Grudgingly, I admit to myself that I have no other option, if this stalemate is to be broken. If it brings Danarius down on me, then so be it. I will face him and be done with it. "There comes a time when you must stop running," I told Hawke boldly on the day we met, "When you must turn and face the tiger." I believed I would win death or freedom that very night. Yet even then I was terrified of facing my old master, speaking more out of bravado than bravery. It was a bitter disappointment at the time, to stand there alive and victorious, and still not free.

I don't know that I truly cared back then whether it was death or freedom I received, so long as I could end this mad chase. But there was no end, and now the years have made me a craven hypocrite, my mansion a crumbling cage that I dare not leave.

Enough. I will walk into Danarius' trap, if that is what this is. I will do as I said I would all those years ago - if he will not come to me, then I must go to him. I shall be the wolf he named me for, and it will be he that must watch his back.

My restless feet move across the floor again. This is the most dangerous kind of game, a true test of wits, courage, and skill. If I am not fast enough, strong enough, smart enough, if I do not act at the right moment, if I hesitate too long or strike too soon, I will be lost, and Danarius will win. These sorts of drawn out, complicated plots are his forte, and I, the simple-minded, impulsive, emotional slave, am at a distinct disadvantage. He has everything on his side. He has money, power, experience, and I have-

I have Hawke.

The thought comes unbidden, and weak as I am, I take comfort in it. I have just sworn to myself I will not involve her in this, and yet, she is the one advantage I have over Danarius - an unknown, unpredictable element over which he has no control. Even if his spies have told him of her, he will underestimate her. To him, she is a barbarian, and in any case, no one can really comprehend Hawke without meeting her. If she will stand with me, perhaps I have a chance.

It is the only scrap of hope I have found to cling to in years.

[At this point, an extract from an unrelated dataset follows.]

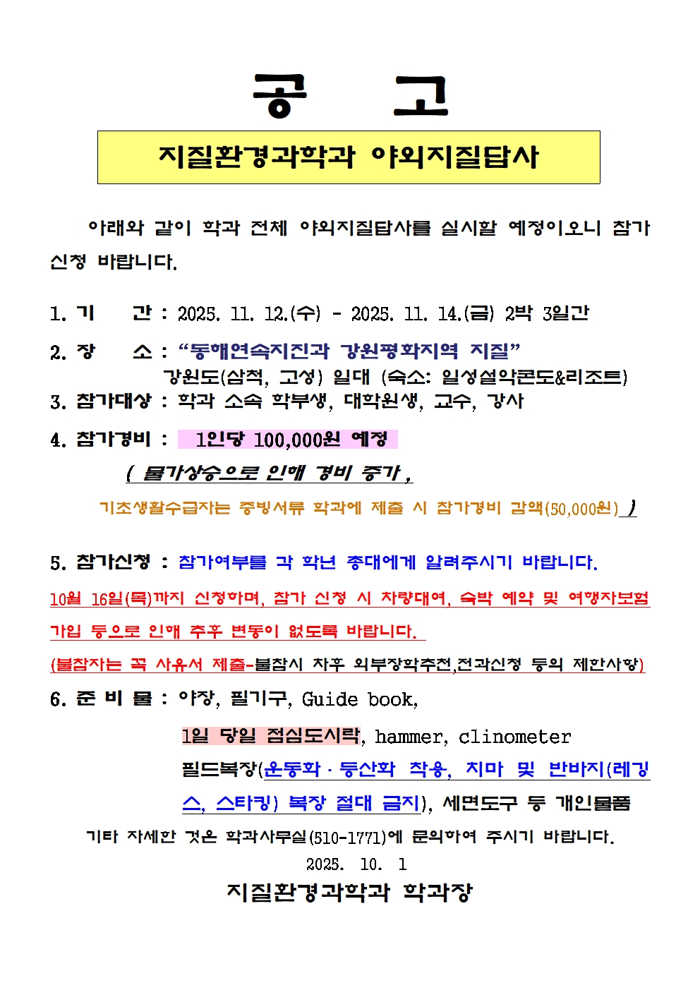 2025학년도 지질환경과학과 전체야외학술답사 일정 및 신청 안내

I cross over to the basin in the corner, and splash water up over my face, washing away the sweat and grime of my workout as plans start to tumble in my mind. I have kept in touch with Anso. He has contacts in the Imperium. I will start with him.

I will keep Hawke out of this for as long as I can, and then - if I need her - I will ask this one last favor of her. Perhaps when all this is settled - perhaps things will be different. Perhaps something will change.